Saturday, November 17, 2012

No More Twinkies, But At Least The Union Survived Intact...

I've said it before, and it bears repeating: Unions exist to ensure that complete, mouth-breathing, knuckle-dragging, addle-brained doofuses can manage to get and keep overpaid, underworked jobs that their feeble abilities to simply breathe, eat, shit and occupy a particular and unique point in space and time would otherwise make them unqualified for.

Union Big: Hostess out of business, but this only proves the union's power and resolve.

Because, let's face it: it all would have been for nothing if people had kept their jobs in this time of great economic uncertainty and rising prices, only to see the union get busted in the process. That would have been a fucking tragedy.

I'm sure all of those people who are now without a job are so happy they could shit, because that's exactly what they were talked into going on strike for in the first place: to save the union.



You have to love this next bit, which comes from a supposedly professional economist: If you ever wanted to know why economics seems such a convoluted, complicated and apparently contrary subject, this is why: most economists are dumber than dogshit. Here's your proof:
The union’s willingness to go down with the sinking ship — and in some cases take credit for sinking it — in the Hostess case may prove to corporate investors that the working class must be reckoned with, said University of Southern Maine economist and labor relations expert Michael Hillard.
Hillard said he will be interested to see what the ripple effect of the Hostess bankruptcy will have for labor relations nationwide, as the combustion comes on the heels of scattered Republican-led efforts to weaken unions through state laws, not to mention a steady decline in leverage in the 30 years since then-President Ronald Reagan fired more than 11,000 striking air traffic controllers.
Right, because legally striking bakers and illegally striking air traffic controllers are apples and apples. As for the  'ripple effect', let me go out on a limb here and make a prediction:
Even MORE companies with recalcitrant unions who won't renegotiate gold-plated benefits packages that are economically suspect will challenge their workers to go on strike, then use bankruptcy protection and proceedings to get what they need, and fuck the union douches standing on the picket line. This isn't about Labor and management past a certain point: it's about survival as a viable enterprise.
The MBA's understand this, apparently the union bigwigs don't. Now they're (the union douchebags) furiously trying to sell a decision which potentially costs 18,000 Americans their jobs (not that it matters: the union already collected their dues and spent them on getting Obama elected) as some sort of VE Day for organized labor. Good luck with that one.
Dipshit Economist then goes on to say this:
“You’ve seen ownership practices for any kind of large scale manufacturing operation replaced by this short term financial mentality, that’s come largely from Wall Street, and looking at companies less as enterprises than as bundles of assets that can be moved around a chessboard,” Hillard said. “They’re operating with the idea that you can always squeeze more — squeeze more out of operations, squeeze more out of labor, squeeze more out of distribution, just find any way to get more profit.
“The idea that this is how you run a healthy economy is a question, and so who’s standing up to this?
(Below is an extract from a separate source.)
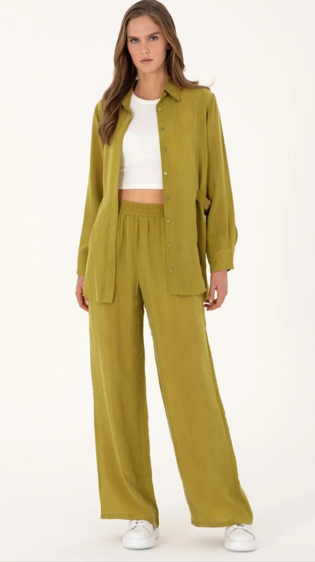 PİERRE CARDİN BAYAN 2'LİTAKIM.40 BEDEN. Pierre cardin yeşil renk 40 beden ikili takım kupro kumaş ipeksi bir dokusu var çok şık ve kullanımı rahat tesetturede uygundur az kullanılmış sorunsuzdur

Labor unions are one of the ways people have to make their concerns known about the economic conditions in our world,” he continued.
Yeah. I'm certain the union had it's non-unionized brethren in China, Indonesia and Bangladesh forefront in their thoughts when they pulled this stunt. In case no one ever told the unions, or the economist, businesses have always sought to cut costs as a means of sustaining profits and improving operations. The biggest expenses, though, that a business faces is labor and benefits costs, and therefore, those are the things that go under the knife first, and most often.
Why do you think automation exists?
I wonder, would either the union or this insane economist who apparently knows nothing about his subject, be saying the same things today about the power of the union, and it's success in destroying Hostess if, for example, the union simply ate the concessions as a matter of goodwill and spared 18,000 the unemployment line?
Fuck no. They'd simply be using that as leverage in the next round of negotiations, when one hopes, the economic picture improves and profits are up. The point is never to see to the actual needs or rights of the workers (that function has largely been usurped by the legal system and the state/federal governments) it's always about maximizing the revenues to the union, revenues which are later used to buy politicians, and keep most union execs living a lifestyle not that far removed from the Fat Cats they claim to despise.
Eighteen thousand people no longer have a job this morning, but the President of their union is still living in a tony suburb, eating steak three times a week, and has only the finest booze, silk pajamas, cars and hookers at his fingertips, I'll wager.
This was never about saving anyone's benefits: it was always about keeping the union on life support. The results in this situation speak for themselves.
I now wonder if 18,000 bakers would be able to organize their own bread line?